The issue appears to be with ARC, as setting primarycache=none and secondarycache=none significantly improves system performance/responsiveness, minus the cost of loading more data from disk.
Describe how to reproduce the problem
- Install v2.1.0 on a known affected system (2018 Mac Mini, 2008 Mac Pro, 2010 Mac Pro running Catalina are confirmed)
- Create/mount datasets and verify performance is as expected. Encryption, compression etc. should all perform within reasonable margins.
- Upgrade to v2.1.6 or later (including v2.2.3rc4).
- Observe performance is significantly worse.
- Run the commands
zfs set primarycache=none <pool>andzfs set secondarycache=none <zpool>(may need to set for additional datasets if values are not inherited). - After a short delay, performance should significantly improve (a restart may be required).
- Revert to v2.1.0 and set
primarycacheandsecondarycacheback to previous values (default is=all). - Performance should be much better with ARC functioning as normal.
Attachments
The following spindumps were all generated under v2.2.3rc4 with ARC configured as normal (in use), causing many programs to run extremely slowly as they spend large amounts of time waiting for data.
Unfortunately due to the slow system responsiveness it was difficult to generate spindumps at the moments of worst performance, though I tried. Of note, spindump.6.txt was taken while attempting to decrypt a dataset into a new (unencrypted) dataset for testing, so may give useful stack traces.
Additional Notes
I'm not aware of any specific changes to ARC that are likely to have caused this drastic change in performance, but the fact that setting primarycache=none and secondarycache=none results in such an improvement in system responsiveness makes it clear that the issue is most likely either related to the ARC, or to something it relies upon.
I would assume that if this issue also affected Linux there would have been a lot more issues reported about it, so either Linux is unaffected, or macOS is affected differently (more severely), resulting in a much more noticeable drop in performance.
Many, many thanks to armdn for discovering the workaround for this issue on the forum topic originally created for it. You can view the topic here for many more spindumps and sysctl output.

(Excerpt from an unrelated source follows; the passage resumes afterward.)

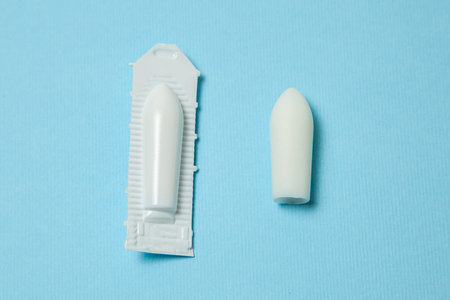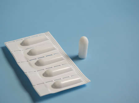 Suppository for anal or vaginal use on a blue background. Candles for treatment of hemorrhoids, temperature, thrush, inflammation

As pointed out by cgiard, since the issue has occurred since at least the v2.1.6 macOS release, this makes the persistent L2ARC fixes a possible area to look at, though removing L2ARC does not appear to make a difference.
Another thread by ranvel, which you can see here proposes that the issue is write operations causing user space to freeze. My own experience hasn't occurred on write-intensive systems though, so I think the interaction may be more complex.